Over time, we have studied the firms that endure and identified a set of common traits. They are led by aligned management teams with disciplined capital allocation. They earn the right to grow by making important products and services more affordable and accessible. They convert scale into better pricing, wider distribution, stronger retention, and deeper customer trust. Over time, trust becomes a habit. Habit becomes loyalty. Loyalty can become a moat.

This pattern does not belong to a single country or region. It travels. We first saw it in frontier markets, where the contrast was stark. Businesses that could survive currency volatility, weak infrastructure, political uncertainty, and uneven access to capital had to be unusually practical. Once the pattern became clear, it appeared elsewhere: in Asian manufacturing ecosystems, African mobile money platforms, Latin American digital platforms, and select global technology franchises serving value-conscious customers in emerging markets.

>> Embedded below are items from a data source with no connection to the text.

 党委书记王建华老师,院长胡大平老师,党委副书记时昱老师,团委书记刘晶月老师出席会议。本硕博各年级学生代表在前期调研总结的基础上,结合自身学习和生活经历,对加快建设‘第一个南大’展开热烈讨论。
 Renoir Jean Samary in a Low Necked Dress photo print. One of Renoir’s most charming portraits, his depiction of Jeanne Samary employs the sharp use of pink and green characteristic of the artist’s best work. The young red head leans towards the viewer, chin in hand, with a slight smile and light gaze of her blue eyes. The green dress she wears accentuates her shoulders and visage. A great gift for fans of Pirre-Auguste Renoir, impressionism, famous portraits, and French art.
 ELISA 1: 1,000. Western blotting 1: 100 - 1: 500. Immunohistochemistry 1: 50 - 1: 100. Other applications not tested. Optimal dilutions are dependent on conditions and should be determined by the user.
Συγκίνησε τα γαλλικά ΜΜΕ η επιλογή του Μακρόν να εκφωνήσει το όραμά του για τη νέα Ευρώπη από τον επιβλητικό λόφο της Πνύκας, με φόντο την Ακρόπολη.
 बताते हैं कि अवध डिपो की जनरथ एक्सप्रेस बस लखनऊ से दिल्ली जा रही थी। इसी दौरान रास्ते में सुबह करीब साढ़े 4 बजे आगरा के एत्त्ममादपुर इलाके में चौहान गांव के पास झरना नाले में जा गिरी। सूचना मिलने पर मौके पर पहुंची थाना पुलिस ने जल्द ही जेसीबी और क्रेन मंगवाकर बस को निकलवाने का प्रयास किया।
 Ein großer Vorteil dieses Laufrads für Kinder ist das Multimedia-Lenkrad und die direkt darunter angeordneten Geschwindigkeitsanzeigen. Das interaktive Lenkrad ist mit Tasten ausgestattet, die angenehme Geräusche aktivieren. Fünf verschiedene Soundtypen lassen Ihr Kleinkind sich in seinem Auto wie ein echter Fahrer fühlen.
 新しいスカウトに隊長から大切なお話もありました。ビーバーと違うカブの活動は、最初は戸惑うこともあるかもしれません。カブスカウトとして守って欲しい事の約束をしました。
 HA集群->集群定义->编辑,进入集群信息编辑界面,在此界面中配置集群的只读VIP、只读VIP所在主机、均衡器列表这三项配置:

That is why Olduvai should not be understood as a traditional emerging-markets-only investor. Our opportunity set is global, and our lens was shaped by emerging and frontier markets.

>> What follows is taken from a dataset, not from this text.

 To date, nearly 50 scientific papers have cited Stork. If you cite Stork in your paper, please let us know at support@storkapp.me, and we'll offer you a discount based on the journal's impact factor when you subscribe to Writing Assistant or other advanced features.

A wider aperture, not a new identity

The equity strategy has evolved alongside the opportunity set. We began closer to frontier public markets because that is where our experience was deepest and mispricing was often most visible. Over time, the same questions led us into a broader global universe. Where is demand growing? Where is affordability unlocking access? Where are companies building ecosystems that customers rely on? Where are investors overreacting to country risk, sector narratives, or short-term uncertainty? Where does valuation leave room for reality to exceed expectations? That evolution is intentional. We do not want to be trapped by old labels, nor do we want to discard the experience that gives the strategy its edge. The phrase we keep coming back to is simple: global investors with an emerging- and frontier-markets lens.

This lens shapes how we evaluate companies. We look at where revenues are earned, not just where a company is listed. We ask how currency, regulation, politics, and capital flows could affect realized returns. We want to know whether a business can grow without relying on ideal conditions. We are wary of companies that screen cheap but lack durability. We are also wary of high-quality companies whose valuations already assume a perfect future.

Benchmark-aware, not benchmark-bound

Global benchmarks often reflect where capital has been, not where opportunity is emerging. They can become concentrated in a handful of countries, sectors, or mega-cap companies. They can also overlook businesses whose economics matter more than their index weight. We are aware of benchmarks because clients need reference points, but we do not let them define our hunting ground.

Our work starts with the business. What does the company do for the customer? Why does the customer choose it? What makes the economics durable? What could invalidate the thesis? What return is needed to justify the risks? What would cause us to change our minds?

That discipline is deliberately repeatable. It allows us to compare very different companies across countries and sectors without forcing them into narrow categories. A mobile money platform in Africa, a battery leader in China, a software platform in the United States, and a payments network in Latin America may seem unrelated at first glance. The common question is whether each can improve access, deepen usage, strengthen economics, and compound value over time.

The core remains unchanged

The world may evolve. The investment universe may widen. The portfolio will change. But the core discipline remains the same: own exceptional businesses that can compound through cycles, buy them at sensible valuations, and assess real-world risks before they become surprises.

Navigating complexity in challenging markets taught us that enduring lesson.